President Trump, Tosh said, needs to stop listening to Jeff Sessions, his aggressively anti-choice nominee for Attorney General, and Georgia Representative Tom Price, who believes life begins at conception and is Trump’s nominee for Secretary of Health and Human Services. Instead, she said, Trump should listen to the seven out of ten people who support Planned Parenthood, the one in every three American women who’ve had abortions, and the 48 percent of Trump supporters who also support Planned Parenthood. “We are watching and we will not stand idly by while all our rights are taken away,” declared Tosh. She then led the crowd in a spirited chant. “What do we want?” she’d ask. “Women’s rights!” they’d call back. “When do we want them?” she’d ask. “One hundred years ago!” they’d answer.

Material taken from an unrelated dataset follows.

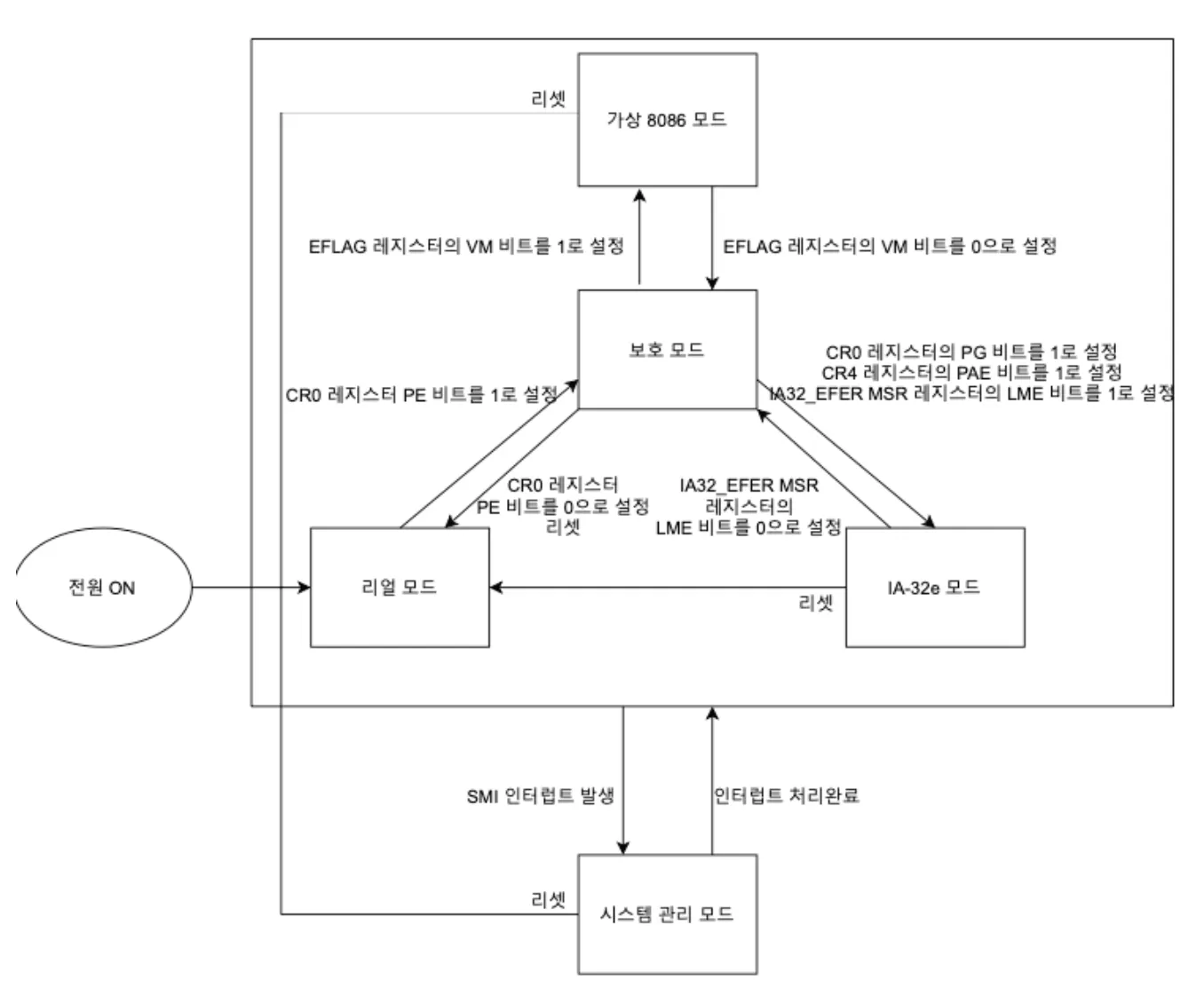 하지만 리얼 모드에서 IA-32e 모드로 전환하려면 아래와 같이 중간에 보호 모드를 거쳐서 전환해야 한다.

Organizing for Santa Barbara started almost as an afterthought about ten days ago. At that time, many Santa Barbara activists were planning on travelling to Los Angeles for the march there that ultimately drew more than 500,000. But for older residents disenchanted by the prospect of Trump’s presidency, the trek to Los Angeles — and the fight through traffic getting there entailed — was prohibitive. For younger people with kids, the same.

Beverly Holley

Michal Lynch, a 30-year resident of Santa Barbara, took it upon herself to get the ball rolling for a local march. “If we cobbled 50 people together to take a stroll down State Street,” she recalled, “at least we’d be making a statement.” Lynch said she’d never tried anything like this before. She praised city police for working with her. “It was the easiest thing in the world.” She praised others in the activist community, who quickly responded to her calls for help. “Now look at what you did!” she exclaimed to the crowd.